- **What you need to do**
Leave out the pictures and copy every record exactly.

- **Exercise materials**
+--

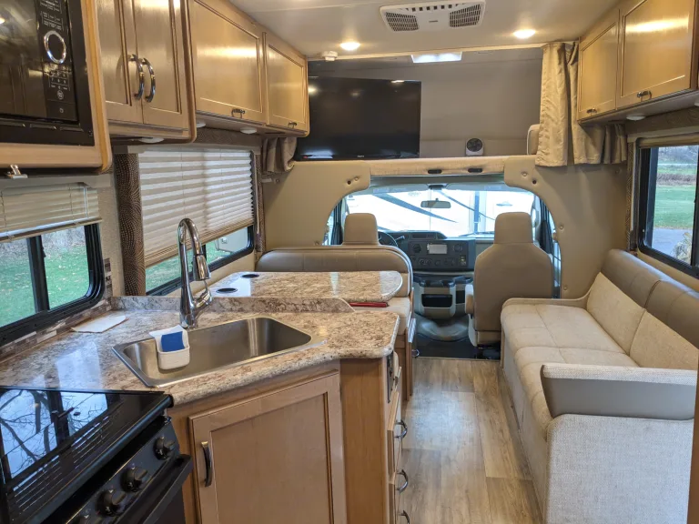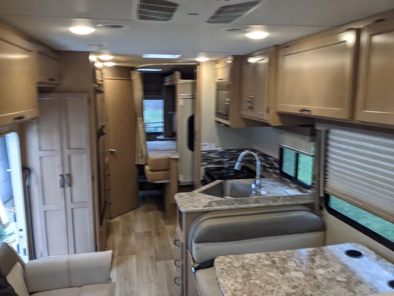 [URL removed]The interior is designed with family in mind. You’ll notice easy-to-clean residential vinyl flooring so that clean-up time won’t detract from your adventures. Easy clean-up is a must-have, especially when you have a kitchen where you’ll want to cook. Plus, it’s scratch-resistant, so you never have to say goodbye to your four-legged family member!This Class C kitchen has everything you need. The double-door refrigerator has enough space for all of your ingredients, and the pantry has extra storage.Bedding: This Freedom Elite has a queen-sized bed slides out to sleep 2. The dinette folds down to sleep 2. An over-the-cab bunk queen-size bed sleeps 2. The fold-out couch sleeps 1 or 2.
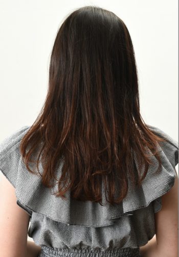 艶を出すようにブローをして毛先にカールを出すようにアイロンで動きを出しました。仕上げにコタスタイリングスプレーGLで艶感を出しています。
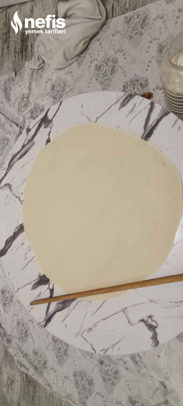 - Dinlenen bezelerimizi merdane yardımıyla açıyoruz daha sonra oklava ile ne çok kalın ne çok ince bir yufka açıyoruz .
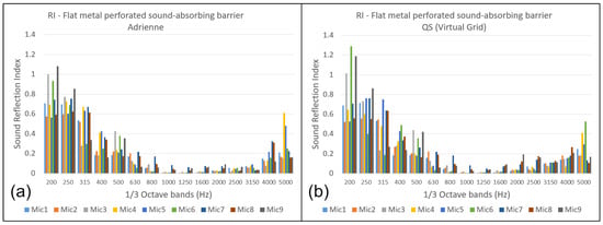 Sound Reflection Index measured on the flat metal barrier. (a) RI measured with Adrienne system, values from individual grid microphones; (b) RI measured with Quick System and ‘virtual grid’, values from individual virtual microphones.
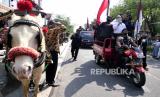 Kusir andong hormat menyambut iringan kendaraan yang memutar lagu Garuda Pancasila di kawasan wisata Jalan Malioboro, Yogyakarta, Selasa (1/6). Dalam rangka memperingati Hari Lahir Pancasila beberapa elemen masyarakat di Malioboro melakukan penghormatan saat pemutaran Lagu Indonesia Raya. Selanjutnya, memutar lagu Garuda Pancasila dan berjalan di sepanjang Jalan Malioboro. Pedagang, tukang becak, kusir andong, dan wisatawan juga ikut berdiri menyambut pemutaran lagu kebangsaan. (FOTO : Wihdan Hidayat / Republika)

+--

- **Response to this task**
 [URL removed]The interior is designed with family in mind. You’ll notice easy-to-clean residential vinyl flooring so that clean-up time won’t detract from your adventures. Easy clean-up is a must-have, especially when you have a kitchen where you’ll want to cook. Plus, it’s scratch-resistant, so you never have to say goodbye to your four-legged family member!This Class C kitchen has everything you need. The double-door refrigerator has enough space for all of your ingredients, and the pantry has extra storage.Bedding: This Freedom Elite has a queen-sized bed slides out to sleep 2. The dinette folds down to sleep 2. An over-the-cab bunk queen-size bed sleeps 2. The fold-out couch sleeps 1 or 2.
 艶を出すようにブローをして毛先にカールを出すようにアイロンで動きを出しました。仕上げにコタスタイリングスプレーGLで艶感を出しています。
 - Dinlenen bezelerimizi merdane yardımıyla açıyoruz daha sonra oklava ile ne çok kalın ne çok ince bir yufka açıyoruz .
 Sound Reflection Index measured on the flat metal barrier. (a) RI measured with Adrienne system, values from individual grid microphones; (b) RI measured with Quick System and ‘virtual grid’, values from individual virtual microphones.
 Kusir andong hormat menyambut iringan kendaraan yang memutar lagu Garuda Pancasila di kawasan wisata Jalan Malioboro, Yogyakarta, Selasa (1/6). Dalam rangka memperingati Hari Lahir Pancasila beberapa elemen masyarakat di Malioboro melakukan penghormatan saat pemutaran Lagu Indonesia Raya. Selanjutnya, memutar lagu Garuda Pancasila dan berjalan di sepanjang Jalan Malioboro. Pedagang, tukang becak, kusir andong, dan wisatawan juga ikut berdiri menyambut pemutaran lagu kebangsaan. (FOTO : Wihdan Hidayat / Republika)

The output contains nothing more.